PROBLEM TO SOLVE ▸ What is needed is an exact copy of every entry, without the pictures.

(Stored entries)
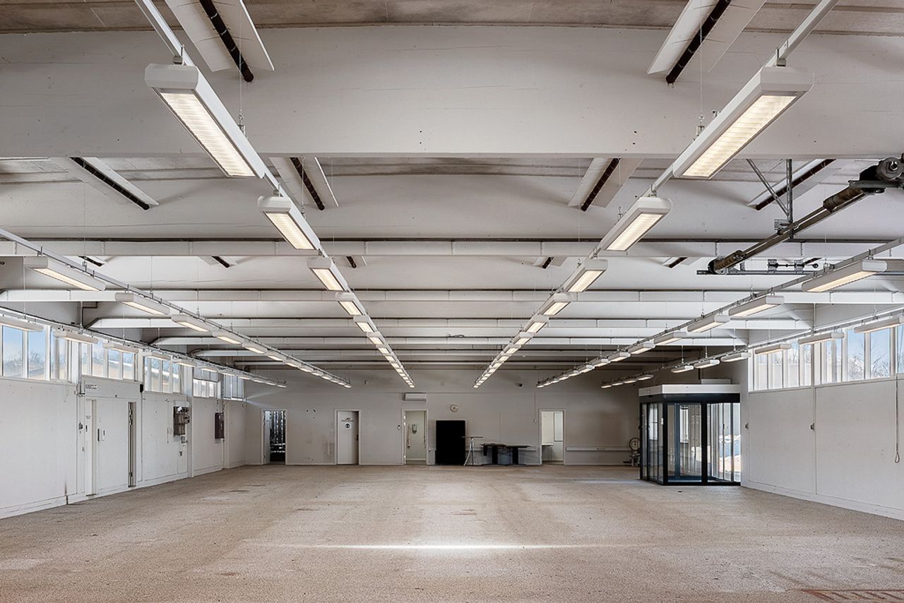 Hal på ca. 643 m² med portindkørsel - vindfang - disponibelt rum - toilet.
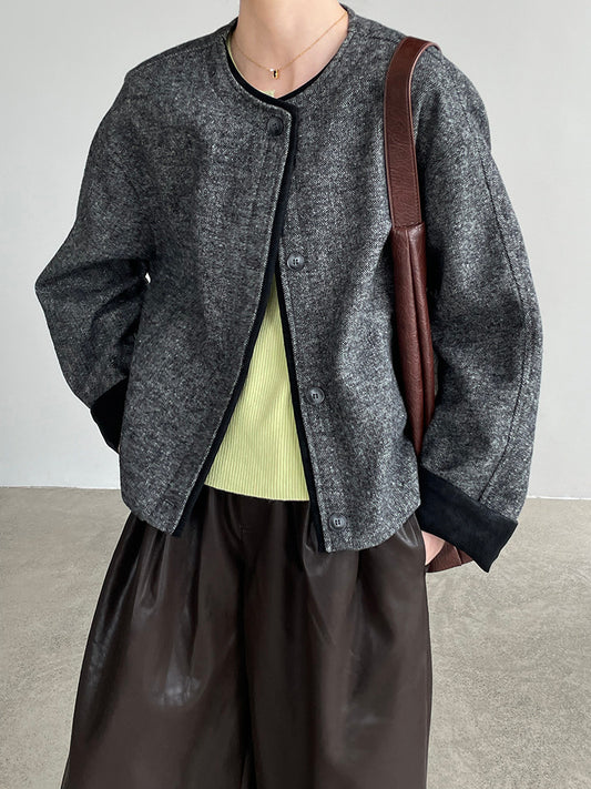 【cim2822】實拍秋冬小眾復古圓領廓形外套251002
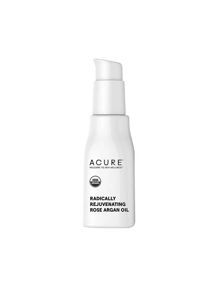 The Acure Radically Rejuvenating Rose Argan Oil is a true skin superfood and versatile, multi-tasking formula to nourish and rejuvenate the skin and hair. This luxurious oil blend contains pure, cold-pressed Argan Oil, Rose Oil, and Rose Geranium, incredibly rich in Vitamin E, essential fatty acids, and proteins to help restore the appearance of texture and tone. Lightweight and easily absorbed, this multipurpose oil can be used as a face and hair serum, body and décolleté massage oil, hand cuticle treatment, and to soothe dry areas like elbows and heels while the blend of rose geranium soothes the senses and calms the mind. Made in the USA and vegan.
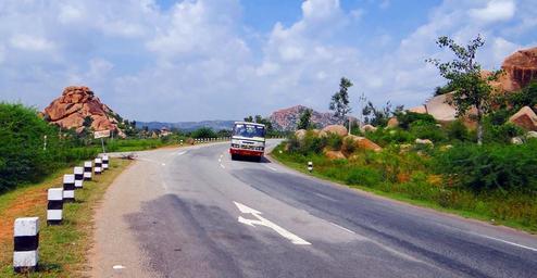 Keywords: hill road bend road rocks bus sky clouds landscape plateau deccan hillocks karnataka india
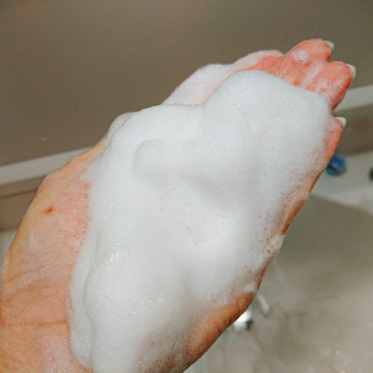 像這樣將手掌中的酵素潔膚粉搓揉出很多泡沫。有些人因為「懶得打出泡沫」就在水多過於泡沫的狀態下洗臉。非常不推薦這樣的使用方,除了會直接摩擦肌膚之外,也無法充分發揮潔膚粉的效果。能夠搓揉出一大團泡沫的重點就是「加水量」。如果一次加太多水會沖掉酵素潔膚粉,必須保持「黏糊」狀態慢慢加水以搓揉出泡沫。酵素潔膚粉跟一般的洗面乳不同較難起泡,所以必須耐心充分搓揉出泡沫才行。請努力像照片一樣搓揉出裝滿手掌心的泡沫,目標就是手掌朝下泡沫也不會流下來的濃稠泡沫。如果使用起泡網,可以更快搓揉出泡沫。
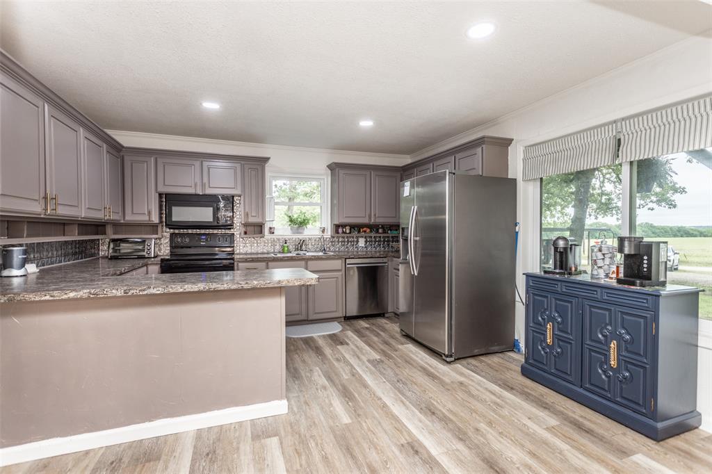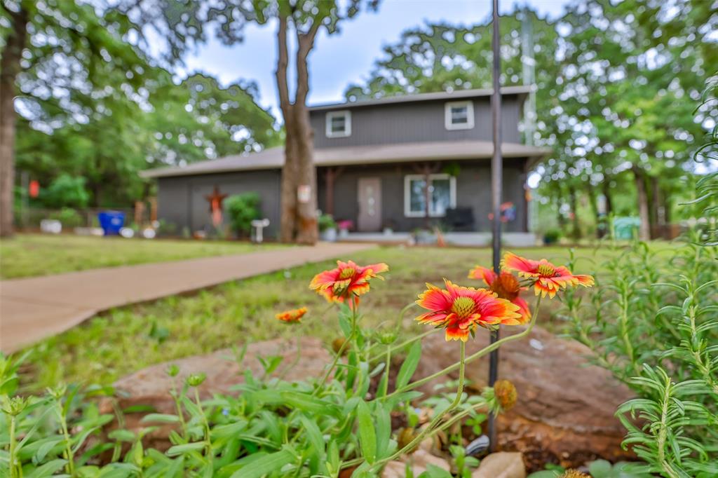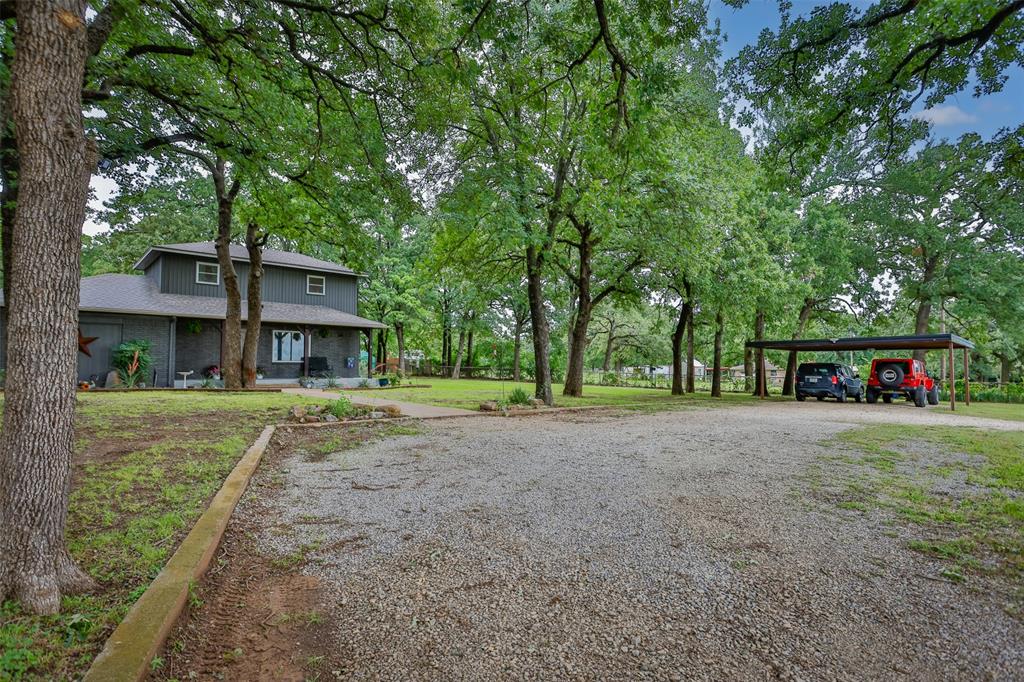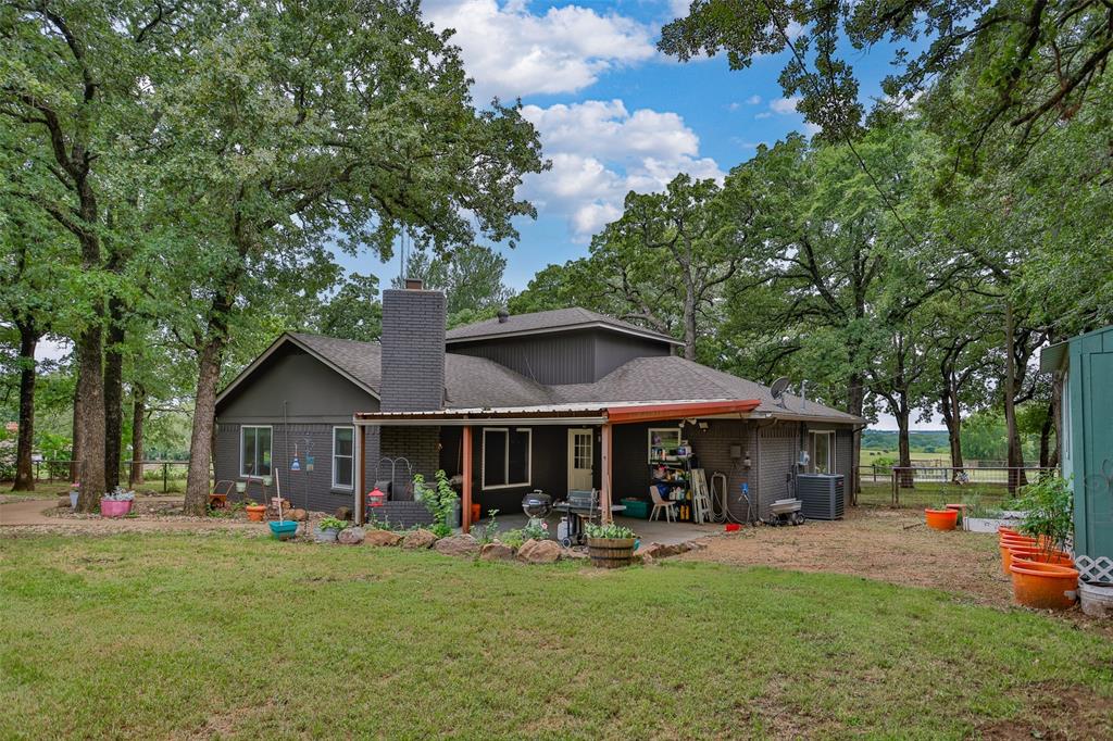 Well-suited for homesteading, this property includes a chicken coop, workshop with electricity and automatic roll-up door, an air-conditioned shed, and a large covered implement shed ideal for tractors, RV, or boat storage. The back pasture provides space for livestock, wildlife watching, or the addition of a barn. A water well is located on the property (not currently in use), adding to the self-sufficiency potential. Additional features include a large circular driveway, 3-car carport, spacious covered front porch, and a huge covered back porch lounge area. Inside, the primary bedroom is located downstairs with two guest rooms upstairs. Ample storage, built-in cabinetry, an office nook, and a large utility room provide everyday functionality. Updates include new windows (2021) and a new HVAC system with upgraded air filtration (June 2024). A privately owned internet tower currently provides Nextlink internet service. Utilities include Pentex Electric, septic system, and Woodbine Water. Conveniently located within an hour of multiple lakes and casinos, this property offers the best of both worlds: peaceful country living with modern amenities and room to create your own homestead
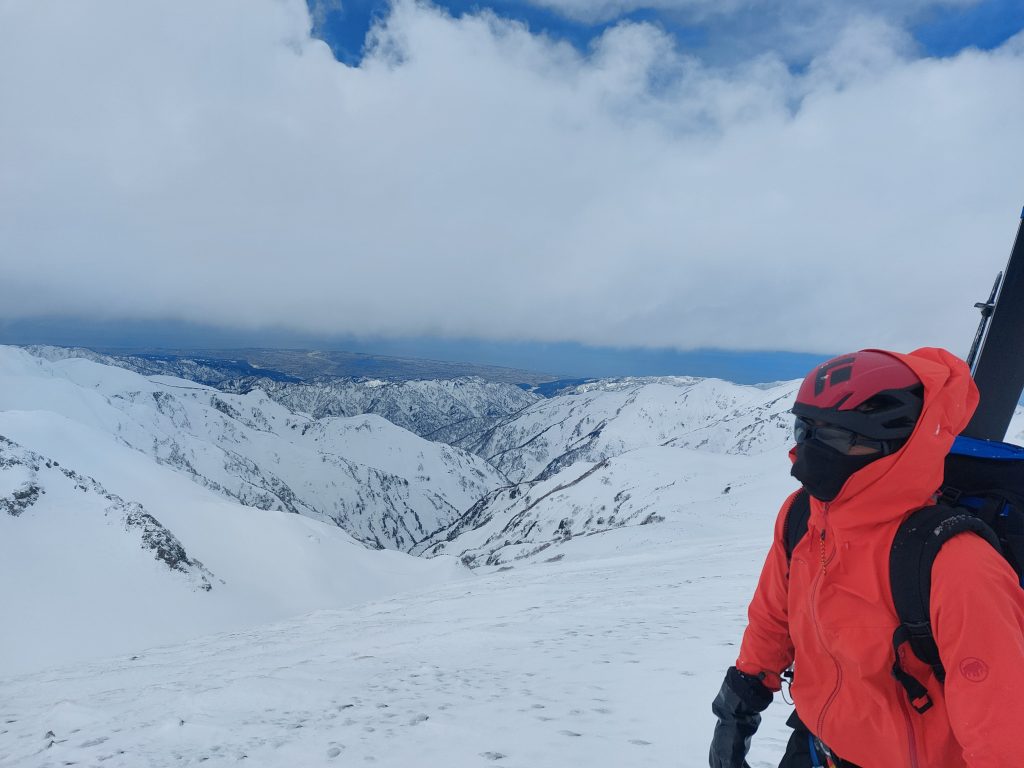 途中怪しい天気になりましたが、日本海が見える絶景。ガスってはいるが隣の立山や劒も見えました。

ANSWER FOR THIS EXERCISE ▸
 Hal på ca. 643 m² med portindkørsel - vindfang - disponibelt rum - toilet.
 【cim2822】實拍秋冬小眾復古圓領廓形外套251002
 The Acure Radically Rejuvenating Rose Argan Oil is a true skin superfood and versatile, multi-tasking formula to nourish and rejuvenate the skin and hair. This luxurious oil blend contains pure, cold-pressed Argan Oil, Rose Oil, and Rose Geranium, incredibly rich in Vitamin E, essential fatty acids, and proteins to help restore the appearance of texture and tone. Lightweight and easily absorbed, this multipurpose oil can be used as a face and hair serum, body and décolleté massage oil, hand cuticle treatment, and to soothe dry areas like elbows and heels while the blend of rose geranium soothes the senses and calms the mind. Made in the USA and vegan.
 Keywords: hill road bend road rocks bus sky clouds landscape plateau deccan hillocks karnataka india
 像這樣將手掌中的酵素潔膚粉搓揉出很多泡沫。有些人因為「懶得打出泡沫」就在水多過於泡沫的狀態下洗臉。非常不推薦這樣的使用方,除了會直接摩擦肌膚之外,也無法充分發揮潔膚粉的效果。能夠搓揉出一大團泡沫的重點就是「加水量」。如果一次加太多水會沖掉酵素潔膚粉,必須保持「黏糊」狀態慢慢加水以搓揉出泡沫。酵素潔膚粉跟一般的洗面乳不同較難起泡,所以必須耐心充分搓揉出泡沫才行。請努力像照片一樣搓揉出裝滿手掌心的泡沫,目標就是手掌朝下泡沫也不會流下來的濃稠泡沫。如果使用起泡網,可以更快搓揉出泡沫。
 Well-suited for homesteading, this property includes a chicken coop, workshop with electricity and automatic roll-up door, an air-conditioned shed, and a large covered implement shed ideal for tractors, RV, or boat storage. The back pasture provides space for livestock, wildlife watching, or the addition of a barn. A water well is located on the property (not currently in use), adding to the self-sufficiency potential. Additional features include a large circular driveway, 3-car carport, spacious covered front porch, and a huge covered back porch lounge area. Inside, the primary bedroom is located downstairs with two guest rooms upstairs. Ample storage, built-in cabinetry, an office nook, and a large utility room provide everyday functionality. Updates include new windows (2021) and a new HVAC system with upgraded air filtration (June 2024). A privately owned internet tower currently provides Nextlink internet service. Utilities include Pentex Electric, septic system, and Woodbine Water. Conveniently located within an hour of multiple lakes and casinos, this property offers the best of both worlds: peaceful country living with modern amenities and room to create your own homestead
 途中怪しい天気になりましたが、日本海が見える絶景。ガスってはいるが隣の立山や劒も見えました。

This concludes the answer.